Whether writers shall do this is a question, not of choice, but of duty. If we would not be the abettors of crime, and the sharers of its guilt, it is imperative that we refrain.
The reader will, perhaps, have observed that some of those writers who are liberal contributors to the military passion occasionally,
in moments when truth and nature seem to have burst the influence of habit, emphatically condemn the system that they have so often contributed to support.
There are not many books of which the tendency is more warlike, or which are more likely to stimulate the passion for martial glory, than The Life of Nelson, by Southey;
a work in the composition of which it probably never suggested itself to the author to inquire whether he was not contributing to the destruction of mankind.
A contributor, however as he has been, we find in another of his works this extraordinary and memorable passage:
“There is but one community of Christians in the world, and that unhappily, of all communities one of the smallest,
enlightened enough to understand the prohibition of war by our Divine Master, in its plain, literal, and undeniable sense; and conscientious enough to obey it, subduing the very instinct of nature to obedience.”
Of these voluntary or involuntary testimonies of the mind against the principles that it habitually possesses, and habitually inculcates, many examples might be given;
and they are valuable testimonies, because they appear to be elicited by the influence of simple nature and unclouded truth. This, I think, is their obvious character.
They will commonly be found to have been written when the mind has become sobered by reason, or tranquilized by religion;
when the feelings are not excited by external stimulants, and when conquest, honour, and glory are reduced to that station of importance to which truth assigns them.
But whether such testimonies have much tendency to give conviction to a reader, I know not:
Surrounded as they are with a general contrariety of sentiment, it is possible that those who read them may pass them by as the speculations of impracticable morality.
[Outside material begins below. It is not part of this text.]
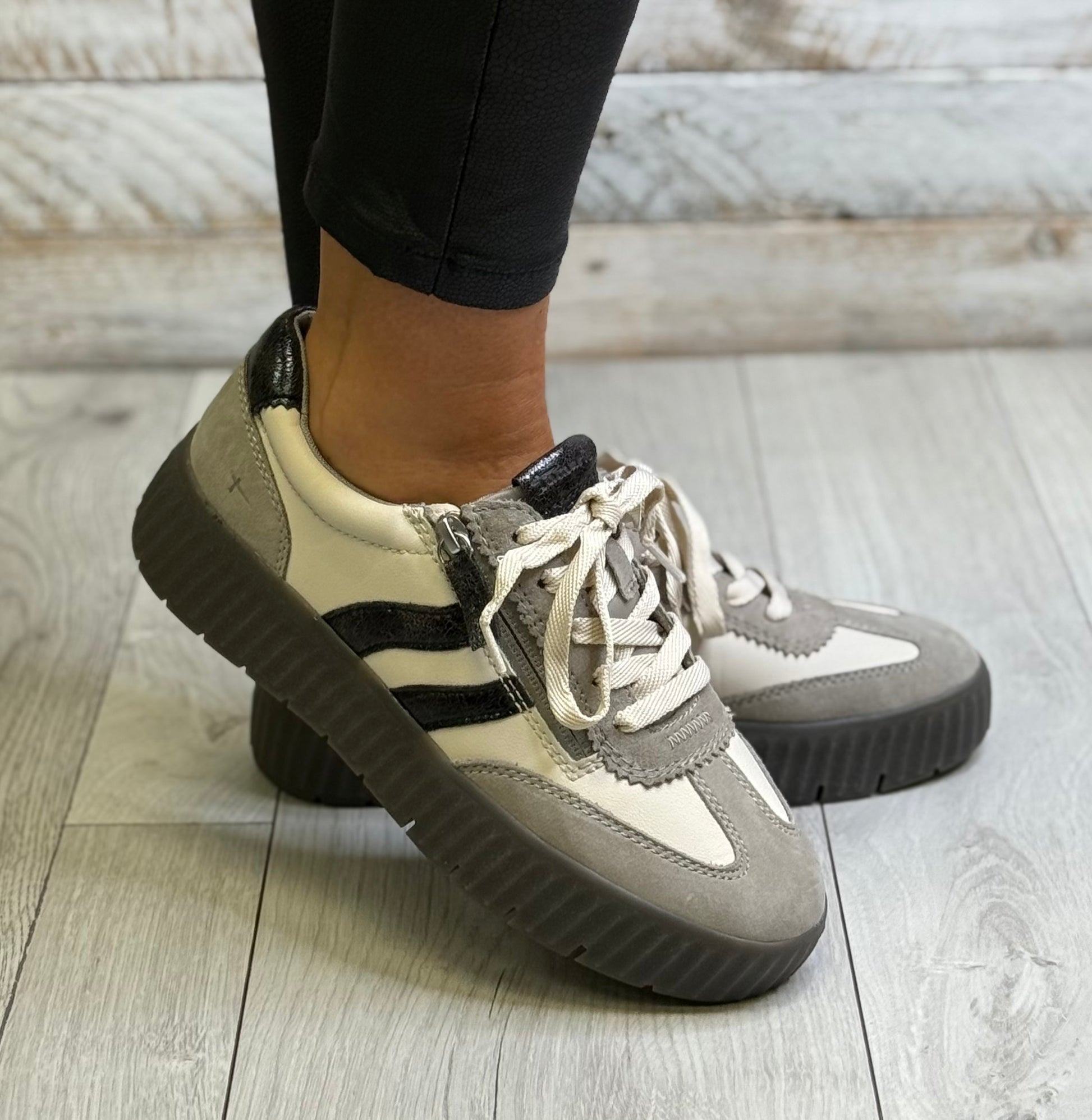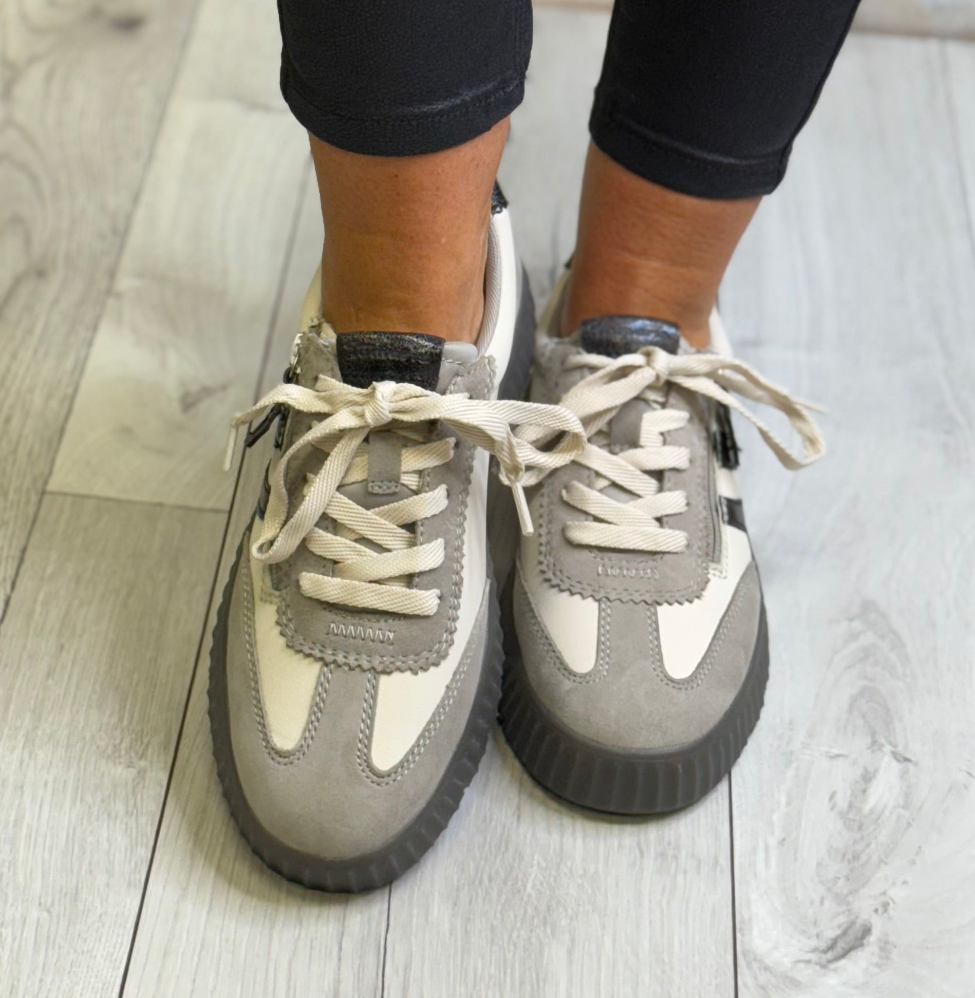 Tamaris Comfort - Light Grey Side Zip Leather Trainer

I cannot, however, avoid recommending the reader, whenever he meets with passages like these, to seriously examine into their meaning and their force,
to inquire whether they are not accordant with the purity of truth, and whether they do not possess the greater authority because they have forced themselves from the mind when least likely to be deceived, and in opposition to all its habits and all its associations.
Such, then, are among the principal of the causes of war. Some consist in want of thought, and some in delusion; some are mercenary, and some simply criminal.
Whether any or all of them form a motive for the desolation of empires and to human destruction, such as a good or a reasoning man, who abstracts himself from habitual feelings, can contemplate with approbation, is a question which everyone should ask and determine for himself.
A conflict of nations is a serious thing. No motive arising from our passions should occasion it, or have any influence in occasioning it.
Supposing the question of lawfulness to be superseded, war should be imposed only by stern, inevitable, unyielding necessity. That such a necessity is contained in these motives, I think cannot be shown.
We may, therefore, reasonably question the defensibility of the custom, which is continued by such causes and supported by such motives.
If a tree is known by its fruits, we may also judge the fruit by the tree. “Men do not gather grapes from thorns.”
If the motives for war and its causes are impure, war itself cannot be virtuous; and I would, therefore, solemnly invite the reader to give to the succeeding Inquiry, his sober and Christian attention.